### PROBLEM DETAILS
Set down exactly the lines below, starting at the one that contains "เกาหลีใต้ 9 ส.ค.-ฝนถล่มเกาหลีใต้" and ending at the one that contains "Chhattisgarh के युवाओं", with both of those lines included and nothing else.

### RECORDS SHOWN
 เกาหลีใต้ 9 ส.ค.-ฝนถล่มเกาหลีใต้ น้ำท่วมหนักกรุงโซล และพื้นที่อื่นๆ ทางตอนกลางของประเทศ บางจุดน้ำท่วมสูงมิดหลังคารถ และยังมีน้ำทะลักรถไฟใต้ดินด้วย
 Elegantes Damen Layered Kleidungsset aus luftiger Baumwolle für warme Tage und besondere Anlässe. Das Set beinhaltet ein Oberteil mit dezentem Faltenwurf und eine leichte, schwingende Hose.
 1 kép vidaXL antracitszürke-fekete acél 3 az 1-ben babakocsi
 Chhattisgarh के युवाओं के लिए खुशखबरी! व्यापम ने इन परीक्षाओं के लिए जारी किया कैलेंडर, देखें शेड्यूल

---

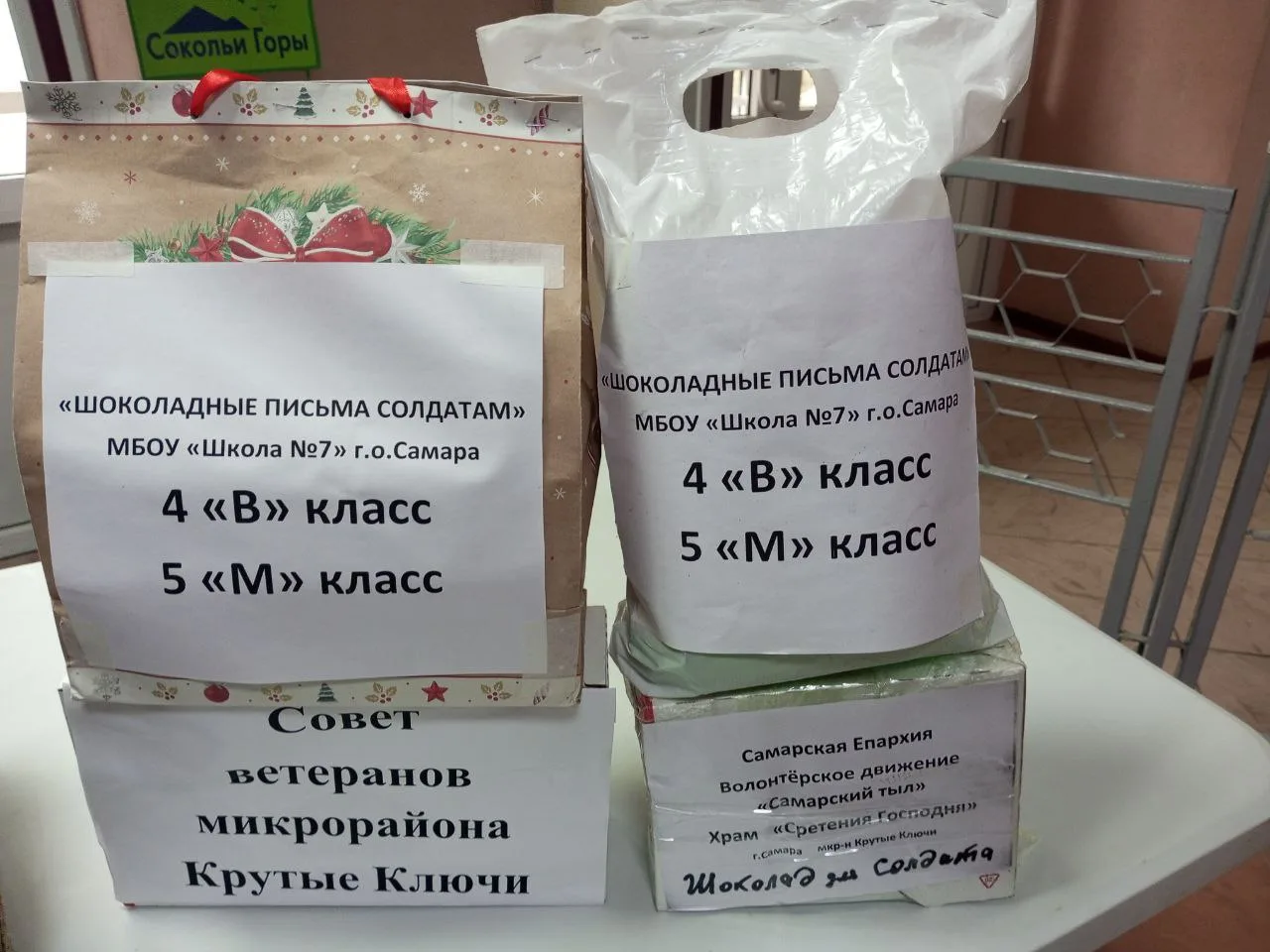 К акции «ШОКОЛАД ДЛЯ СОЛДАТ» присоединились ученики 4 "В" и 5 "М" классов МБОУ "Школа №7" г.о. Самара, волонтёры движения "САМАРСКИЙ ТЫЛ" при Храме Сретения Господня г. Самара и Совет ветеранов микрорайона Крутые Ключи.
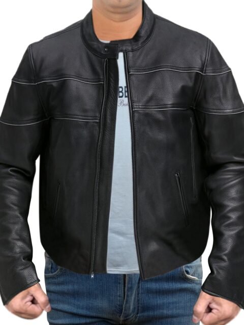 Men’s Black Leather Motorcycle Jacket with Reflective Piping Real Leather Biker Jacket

### WRITTEN ANSWER
 เกาหลีใต้ 9 ส.ค.-ฝนถล่มเกาหลีใต้ น้ำท่วมหนักกรุงโซล และพื้นที่อื่นๆ ทางตอนกลางของประเทศ บางจุดน้ำท่วมสูงมิดหลังคารถ และยังมีน้ำทะลักรถไฟใต้ดินด้วย
 Elegantes Damen Layered Kleidungsset aus luftiger Baumwolle für warme Tage und besondere Anlässe. Das Set beinhaltet ein Oberteil mit dezentem Faltenwurf und eine leichte, schwingende Hose.
 1 kép vidaXL antracitszürke-fekete acél 3 az 1-ben babakocsi
 Chhattisgarh के युवाओं के लिए खुशखबरी! व्यापम ने इन परीक्षाओं के लिए जारी किया कैलेंडर, देखें शेड्यूल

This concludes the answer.